Extracted entries:
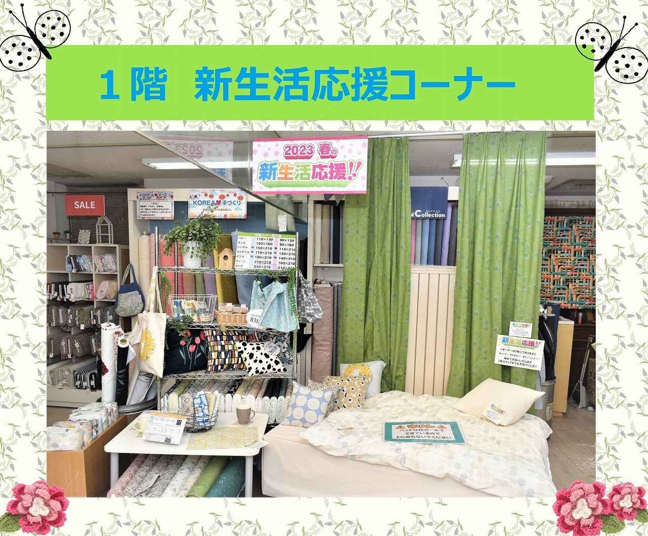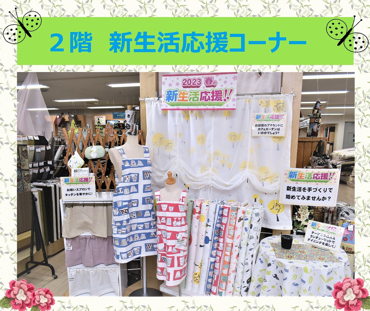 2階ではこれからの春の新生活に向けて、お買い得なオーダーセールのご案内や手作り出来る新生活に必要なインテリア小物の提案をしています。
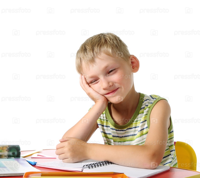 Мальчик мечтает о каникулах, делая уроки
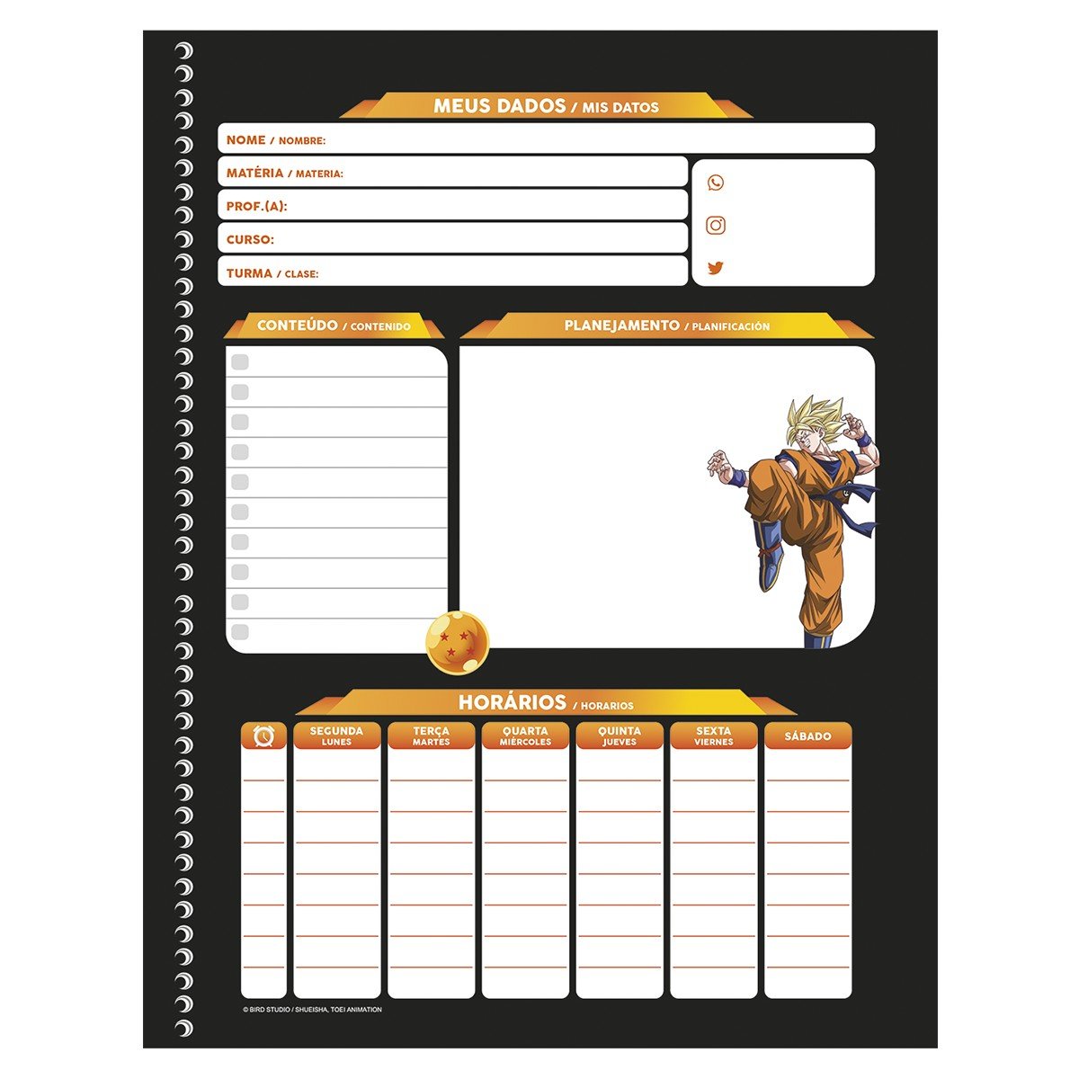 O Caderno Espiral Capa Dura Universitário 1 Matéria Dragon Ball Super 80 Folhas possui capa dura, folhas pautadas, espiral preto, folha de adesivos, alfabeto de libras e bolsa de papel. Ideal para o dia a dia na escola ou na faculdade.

==

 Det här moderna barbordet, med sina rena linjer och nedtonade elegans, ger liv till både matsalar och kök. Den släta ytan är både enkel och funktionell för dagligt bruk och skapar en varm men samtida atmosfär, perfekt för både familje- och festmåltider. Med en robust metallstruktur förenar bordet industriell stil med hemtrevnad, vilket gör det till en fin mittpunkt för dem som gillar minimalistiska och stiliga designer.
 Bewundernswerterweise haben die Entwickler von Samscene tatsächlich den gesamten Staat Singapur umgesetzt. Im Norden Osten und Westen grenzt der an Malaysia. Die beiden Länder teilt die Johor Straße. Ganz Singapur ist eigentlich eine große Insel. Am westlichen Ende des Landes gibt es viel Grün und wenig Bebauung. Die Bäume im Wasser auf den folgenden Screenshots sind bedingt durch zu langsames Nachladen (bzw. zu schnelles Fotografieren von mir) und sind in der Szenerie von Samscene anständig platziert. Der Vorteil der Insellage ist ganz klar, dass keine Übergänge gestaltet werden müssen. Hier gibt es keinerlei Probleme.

Work instruction: Excluding any pictures, print exactly the lines of the listing above from the line with "2階ではこれからの春の新生活" to the line with "O Caderno Espiral", both ends included.

Answer box:
 2階ではこれからの春の新生活に向けて、お買い得なオーダーセールのご案内や手作り出来る新生活に必要なインテリア小物の提案をしています。
 Мальчик мечтает о каникулах, делая уроки
 O Caderno Espiral Capa Dura Universitário 1 Matéria Dragon Ball Super 80 Folhas possui capa dura, folhas pautadas, espiral preto, folha de adesivos, alfabeto de libras e bolsa de papel. Ideal para o dia a dia na escola ou na faculdade.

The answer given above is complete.